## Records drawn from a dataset
[Start of Attachment]
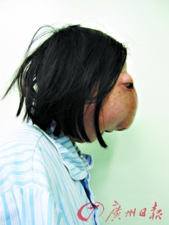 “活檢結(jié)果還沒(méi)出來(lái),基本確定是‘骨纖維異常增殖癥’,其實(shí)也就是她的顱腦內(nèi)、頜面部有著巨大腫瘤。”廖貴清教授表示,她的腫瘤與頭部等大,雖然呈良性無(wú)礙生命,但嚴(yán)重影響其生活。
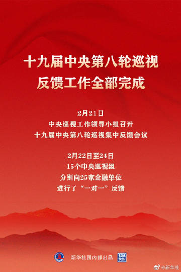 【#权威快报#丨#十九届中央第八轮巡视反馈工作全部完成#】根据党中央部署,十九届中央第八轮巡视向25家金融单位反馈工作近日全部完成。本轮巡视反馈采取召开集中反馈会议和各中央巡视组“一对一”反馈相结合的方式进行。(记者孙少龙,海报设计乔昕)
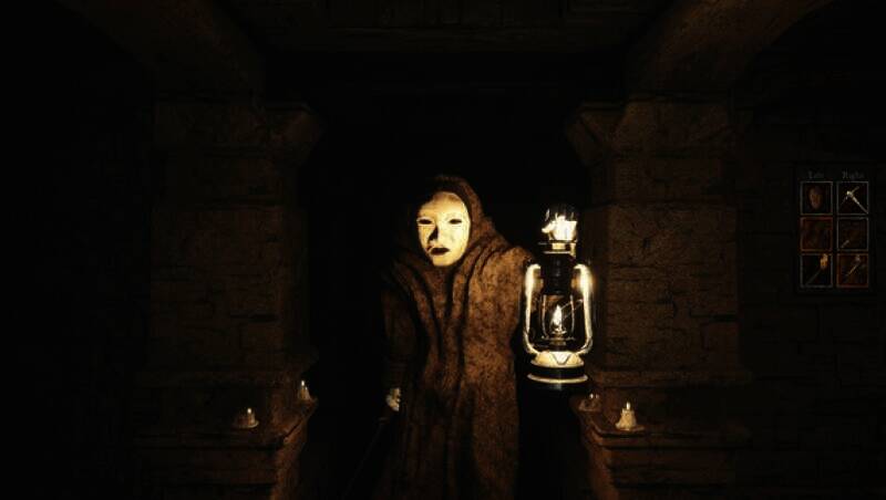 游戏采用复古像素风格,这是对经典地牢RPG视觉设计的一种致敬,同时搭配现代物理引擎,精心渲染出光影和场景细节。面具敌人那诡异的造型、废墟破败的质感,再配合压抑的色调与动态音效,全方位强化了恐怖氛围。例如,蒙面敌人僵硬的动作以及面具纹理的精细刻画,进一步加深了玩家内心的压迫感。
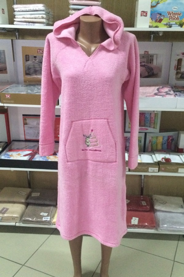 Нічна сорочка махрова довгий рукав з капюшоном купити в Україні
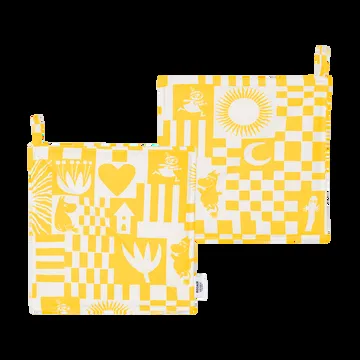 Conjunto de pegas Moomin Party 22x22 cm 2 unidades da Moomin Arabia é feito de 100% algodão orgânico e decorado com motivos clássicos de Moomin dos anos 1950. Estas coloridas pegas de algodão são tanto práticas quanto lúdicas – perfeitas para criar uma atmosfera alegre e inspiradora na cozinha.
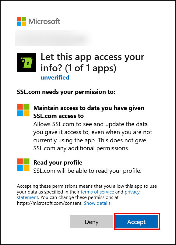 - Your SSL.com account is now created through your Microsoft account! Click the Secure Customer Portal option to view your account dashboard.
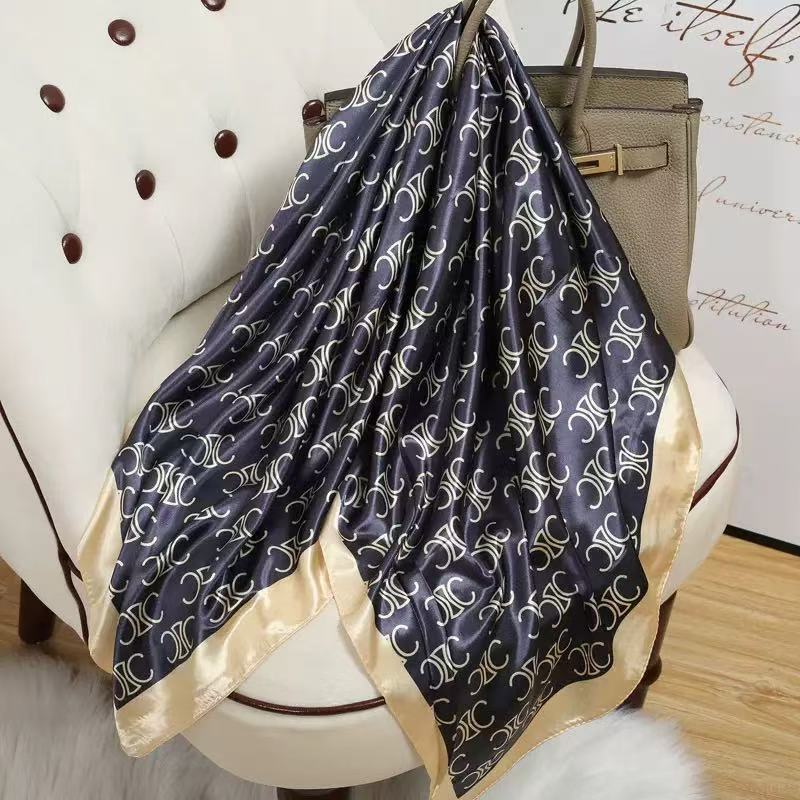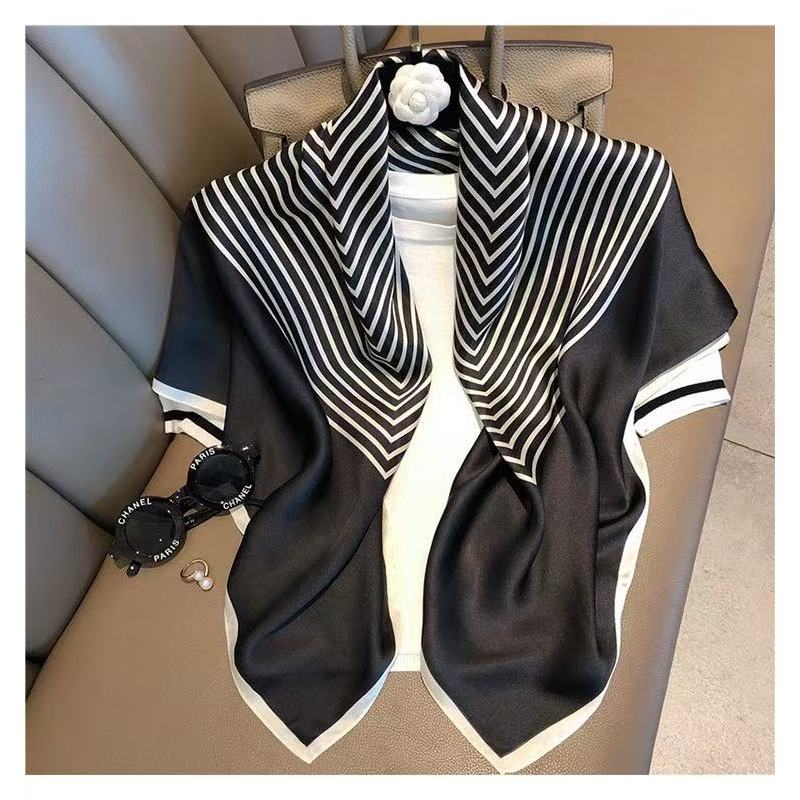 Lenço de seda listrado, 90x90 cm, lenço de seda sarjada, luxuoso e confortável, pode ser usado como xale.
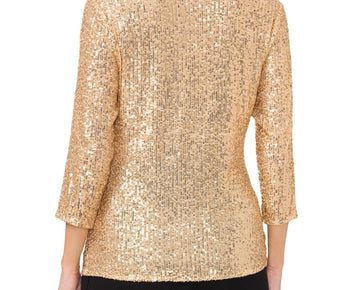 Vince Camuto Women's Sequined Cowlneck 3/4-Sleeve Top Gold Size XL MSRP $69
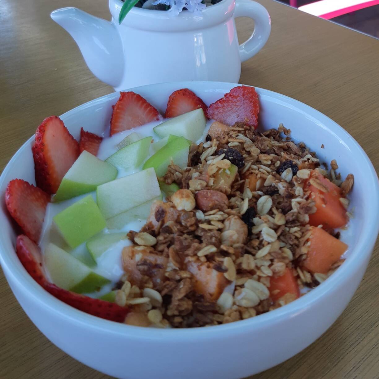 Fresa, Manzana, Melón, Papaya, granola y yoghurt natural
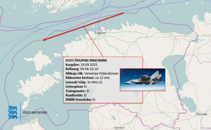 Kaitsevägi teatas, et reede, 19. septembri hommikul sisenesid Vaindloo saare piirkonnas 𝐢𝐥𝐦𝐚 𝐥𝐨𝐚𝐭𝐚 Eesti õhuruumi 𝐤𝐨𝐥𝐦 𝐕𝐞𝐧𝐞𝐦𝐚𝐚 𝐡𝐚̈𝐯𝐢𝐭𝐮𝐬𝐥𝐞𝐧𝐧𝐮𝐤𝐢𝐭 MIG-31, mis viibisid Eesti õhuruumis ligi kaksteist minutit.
[End of Attachment]
Only an exact copy of the records, free of images, belongs in the answer.

## Output of the exercise
 “活檢結(jié)果還沒(méi)出來(lái),基本確定是‘骨纖維異常增殖癥’,其實(shí)也就是她的顱腦內(nèi)、頜面部有著巨大腫瘤。”廖貴清教授表示,她的腫瘤與頭部等大,雖然呈良性無(wú)礙生命,但嚴(yán)重影響其生活。
 【#权威快报#丨#十九届中央第八轮巡视反馈工作全部完成#】根据党中央部署,十九届中央第八轮巡视向25家金融单位反馈工作近日全部完成。本轮巡视反馈采取召开集中反馈会议和各中央巡视组“一对一”反馈相结合的方式进行。(记者孙少龙,海报设计乔昕)
 游戏采用复古像素风格,这是对经典地牢RPG视觉设计的一种致敬,同时搭配现代物理引擎,精心渲染出光影和场景细节。面具敌人那诡异的造型、废墟破败的质感,再配合压抑的色调与动态音效,全方位强化了恐怖氛围。例如,蒙面敌人僵硬的动作以及面具纹理的精细刻画,进一步加深了玩家内心的压迫感。
 Нічна сорочка махрова довгий рукав з капюшоном купити в Україні
 Conjunto de pegas Moomin Party 22x22 cm 2 unidades da Moomin Arabia é feito de 100% algodão orgânico e decorado com motivos clássicos de Moomin dos anos 1950. Estas coloridas pegas de algodão são tanto práticas quanto lúdicas – perfeitas para criar uma atmosfera alegre e inspiradora na cozinha.
 - Your SSL.com account is now created through your Microsoft account! Click the Secure Customer Portal option to view your account dashboard.
 Lenço de seda listrado, 90x90 cm, lenço de seda sarjada, luxuoso e confortável, pode ser usado como xale.
 Vince Camuto Women's Sequined Cowlneck 3/4-Sleeve Top Gold Size XL MSRP $69
 Fresa, Manzana, Melón, Papaya, granola y yoghurt natural
 Kaitsevägi teatas, et reede, 19. septembri hommikul sisenesid Vaindloo saare piirkonnas 𝐢𝐥𝐦𝐚 𝐥𝐨𝐚𝐭𝐚 Eesti õhuruumi 𝐤𝐨𝐥𝐦 𝐕𝐞𝐧𝐞𝐦𝐚𝐚 𝐡𝐚̈𝐯𝐢𝐭𝐮𝐬𝐥𝐞𝐧𝐧𝐮𝐤𝐢𝐭 MIG-31, mis viibisid Eesti õhuruumis ligi kaksteist minutit.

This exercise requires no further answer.